Toytown Parade, the City vs. Poly game, fox hunting — memories of Thanksgiving in Maryland | GUEST COMMENTARY - Baltimore Sun

2021-12-23 08:02:32 By : Ms. sophia Xiang

How well I remember Thanksgiving in mid-20th century Baltimore.

We lived on Biltmore Avenue, a shady, almost bucolic street about a mile northwest of Pimlico. After breakfast my parents would load us four kids into an old Buick Roadmaster and head down Park Heights toward Charles Street (the Jones Falls Expressway wasn’t completed until 1990), and look for a parking space in the vicinity of Howard and Lexington.

Sometimes we’d bring folding lawn chairs, but usually we’d just stand. The weather was often blustery, and it wasn’t long before our cheeks were rosy, lips chapped and fingers beginning to freeze beneath cotton mittens. We didn’t notice; our attention was fully focused on the largest balloon figures we’d ever seen and the clowns scattering wrapped candies into the crowd lining the streets.

Originally called the Toytown Parade, the spectacle was first staged in 1936 by the Hochschild Kohn department store to kick off the holiday season. The store sponsored the event for the next 30 years. Its employees used home vacuum cleaners to inflate the balloon figures, which included a 50-foot rubber whale, Mickey and Minnie Mouse, Superman and Santa Claus.

After the parade, we knew exactly where we were headed: to dinner at Grandma Annie’s. She lived with her sister in a large and solid brownstone rowhouse on Callow Avenue. Once there, we went straight to the old-fashioned kitchen, with its equally antiquated cast-iron stove, drawn by the sweet warm scents wafting from the large turkey being roasted therein.

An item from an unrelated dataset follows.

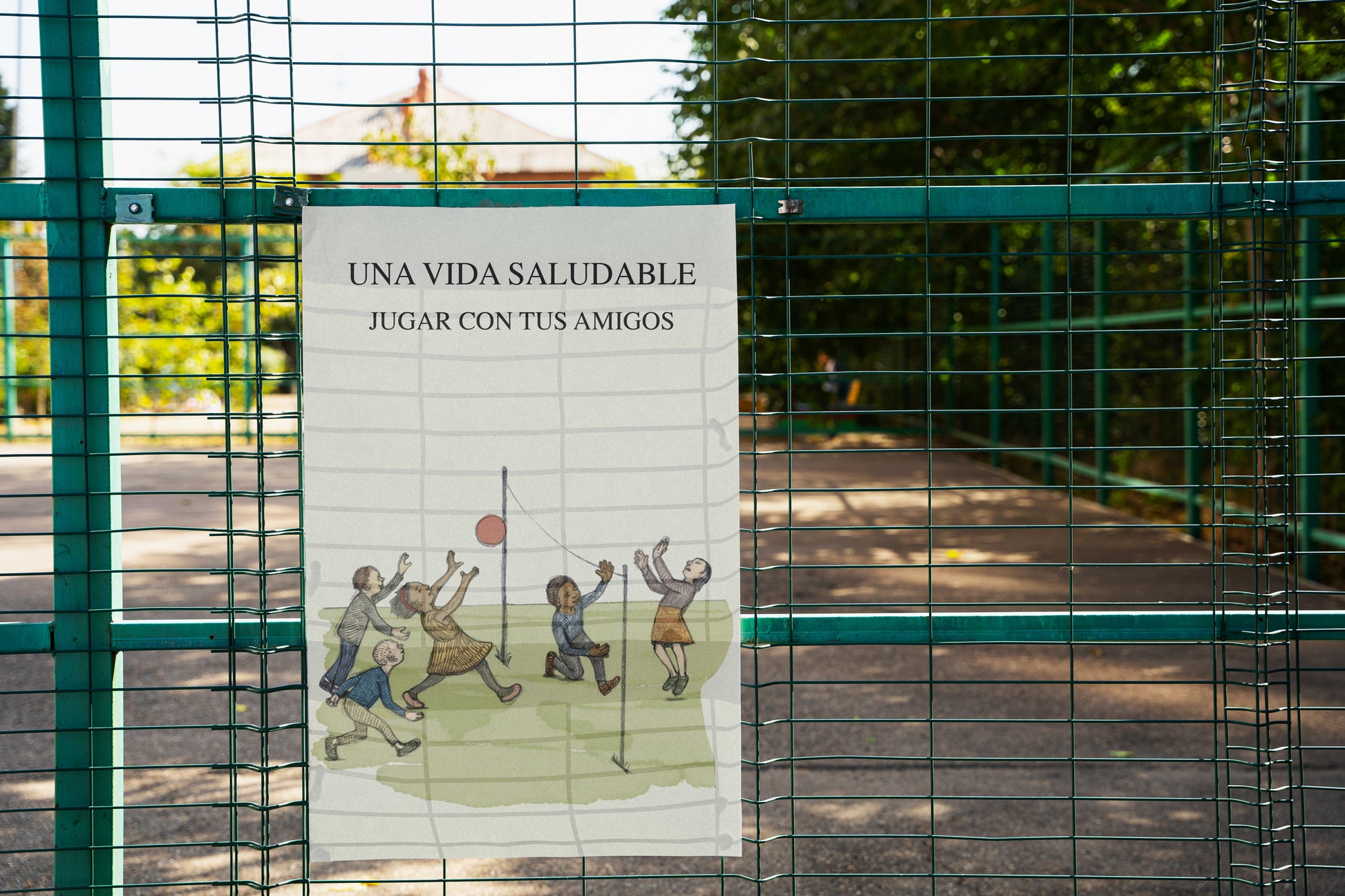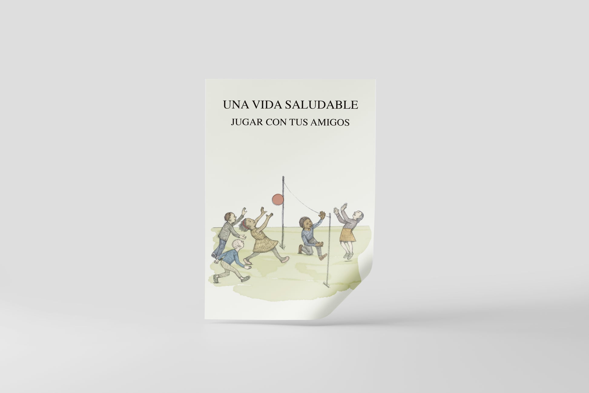 This artwork depicts a group of children playing outdoors with a ball, rendered in a soft, hand-drawn illustration style inspired by mid-20th-century schoolbooks and public health posters. The Spanish headline “Una vida saludable – Jugar con tus amigos” reinforces the educational tone, while the muted color palette, gentle watercolor textures, and aged paper look give it the authenticity of an old classroom or institutional poster.

Turkey of course was de rigueur, but to Baltimoreans of German and Eastern European descent, (fully a quarter of the city’s populace back then), sweet sauerkraut with meat has long been a required central dish on Thanksgiving, and it certainly was at ours.

Maryland did not adopt what was first considered just a New England holiday until 1842, when Gov. Francis Thomas proclaimed that a state-sanctioned day of “thanksgiving, praise, and prayer” would occur on Dec. 14, 1842. (President Abraham Lincoln declared it a national holiday in 1863.)

Though the state’s earliest celebrations centered on religious contemplation, it didn’t take long before the focus was on food. Local produce such as corn, beans and squash had shaped the diet of the region’s Native-American tribes, which were later combined with the traditional fare of both European settlers and enslaved African Americans.

Nowadays, a Maryland Thanksgiving would not be complete without some form of sweet potatoes on the table. Ours were served in a dark brown syrup. Dessert consisted of a choice of three pies (apple, cherry, pumpkin) and, for the kids, giant multicolored lollipops.

After dinner we went into the living room, sepia-toned and filled with heavy-fabric arm chairs, a couch, a love-seat and, most important to us, a small black-and-white television with a little 12-inch round screen. Of course, we were mesmerized. That was our first glimpse of Howdy Doody and his sidekicks: Buffalo Bob, Clarabelle, Princess Summerfallwinterspring, and (my favorite) Phineas T. Bluster.

There are other Thanksgiving events that we’ve attended over the years. Among them are the long-standing football rivalry games: City vs. Poly, first played on Thanksgiving Day in 1889, and Loyola vs. Calvert Hall, begun in 1919.

I remember colorful Maryland fox hunts, too, preceded by the blessing of the hounds. For more than 100 years, fox hunting clubs of Maryland have come to countryside churches for an Episcopal blessing on Thanksgiving Day, and modern times have seen the custom grow beyond a dedicated few in dark leather boots, white breeches, red coats, and black hunters’ caps. One of the oldest of them still occurs at the Saint James Episcopal Church in Monkton, where generations of spectators have gathered annually for decades to watch riders and hounds observe the old English tradition.

After the pageantry, huntsmen and hounds would set off across the nearby countryside, crossing streams and jumping fences on property whose owners freely grant permission. In practice this is less hunting than horsemanship. The hounds follow the fox, which usually outruns them. The riders stampede after the hounds, and in short order call them off. There are no rifles, and no dead foxes. Some prefer to call the sport “fox chasing.”

There are some 160 fox hunting clubs around the country. Most of them do their benedictions in September and October, but Maryland choosing this day of thanks. The blessings are intoned solemnly, and often with a smile:

“Keep, O Lord, this day bright, the horses sure of foot, the hounds swift, the fox elusive, the hunters safe. And may all come safely to their homes.”